Top 5 hours for Show Posts Points

    23:00: 42.39 average points per post    
    

    12:00: 41.69 average points per post    
    

    22:00: 40.35 average points per post    
    

    00:00: 37.84 average points per post    
    

    18:00: 36.31 average points per post    
    


**Finding**: 
The above times are in EST(eastern standard time).

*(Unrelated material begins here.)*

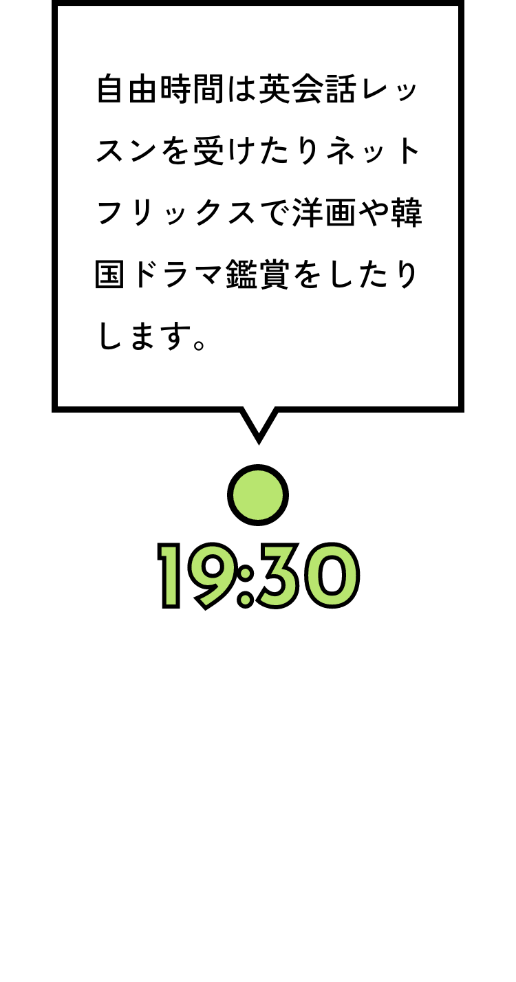 - はい、できていると思います。残業せざるを得ないときもありますが、基本的には定時に上がれますし、有給もしっかり取れます。終業後は、仕事のことを考えすぎないように切り替えるようにしています。

To get more points, I (in IST) can try to create a good number of show posts during **09:30 - 10:30, 22:30 - 23:30, 08:30 - 09:30, 10:30 - 11:30, 04:30 - 05:30** in the same order. Basically, these are the morning work hours for an Indian resident. The top hours which received points on an average are very close in magnitude unlike the comments per hour in the previous analysis on ask posts. This would prompt us to further dig into the data. Location of responders either for comments or for points (upvotes or downvotes) can give us more insight into when to actually schedule a post.